Farías Ginny G, Britt Dylan J, Bonifacino Juan S
Cell Biology and Neurobiology Branch, Eunice Kennedy Shriver National Institute of Child Health and Human Development, National Institutes of Health, Bethesda, MD, 20892, USA.
Cell Biology and Neurobiology Branch, Eunice Kennedy Shriver National Institute of Child Health and Human Development, National Institutes of Health, 35A Convent Drive, Room 2F226, MSC 3758, Bethesda, MD, 20892, USA.
Methods Mol Biol. 2016;1496:13-30. doi: 10.1007/978-1-4939-6463-5_2.
The study of polarized protein trafficking in live neurons is critical for understanding neuronal structure and function. Given the complex anatomy of neurons and the numerous trafficking pathways that are active in them, however, visualization of specific vesicle populations leaving the Golgi complex presents unique challenges. Indeed, several approaches used in non-polarized cells, and even in polarized epithelial cells, have been less successful in neurons. Here, we describe an adaptation of the recently developed Retention Using Selective Hooks (RUSH) system (Boncompain et al., Nat Methods 9:493-498, 2012), previously used in non-polarized cells, to analyze the polarized sorting of proteins from the Golgi complex to dendrites and axons in live neurons. The RUSH system involves the retention of a fluorescently tagged cargo protein fused to the streptavidin-binding peptide (SBP) in the endoplasmic reticulum (ER) through the expression of an ER-hook protein fused to streptavidin. Upon D-biotin addition, the cargo protein is released and its traffic to dendrites and axons can be analyzed in live neurons.

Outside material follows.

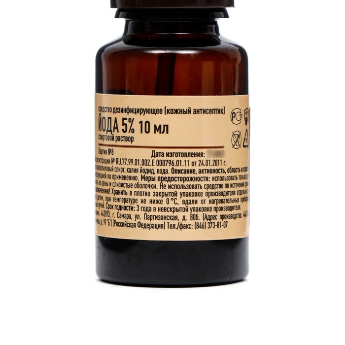 Йод 5% спиртовой раствор, с помазком, для местного и наружного применения – это антисептическое средство. Оно эффективно уничтожает патогенные микроорганизмы, такие как стрептококки, кишечная палочка, грибки и дрожжи. Также при длительном лечении в 80% случаев препарат оказывает губительное воздействие и на стафилококки. Лекарство хорошо проникает в слои кожи. Раствор йода показан при: ссадинах, порезах, ранах, микротравмах, инфекционных заболеваниях эпидермиса, обработке послеоперационных швов, обработке участков кожи перед хирургическим вмешательством.

研究活神经元中极化蛋白运输对于理解神经元结构和功能至关重要。然而,鉴于神经元复杂的解剖结构以及其中活跃的众多运输途径,可视化从高尔基体复合体离开的特定囊泡群体面临着独特的挑战。实际上,在非极化细胞甚至极化上皮细胞中使用的几种方法,在神经元中并不那么成功。在这里,我们描述了一种对最近开发的选择性钩子保留(RUSH)系统(Boncompain等人,《自然方法》9:493 - 498,2012)的改进,该系统先前用于非极化细胞,用于分析活神经元中从高尔基体复合体到树突和轴突的蛋白极化分选。RUSH系统涉及通过与链霉亲和素融合的内质网(ER)钩子蛋白的表达,将与链霉亲和素结合肽(SBP)融合的荧光标记货物蛋白保留在内质网中。添加D - 生物素后,货物蛋白被释放,其向树突和轴突的运输可在活神经元中进行分析。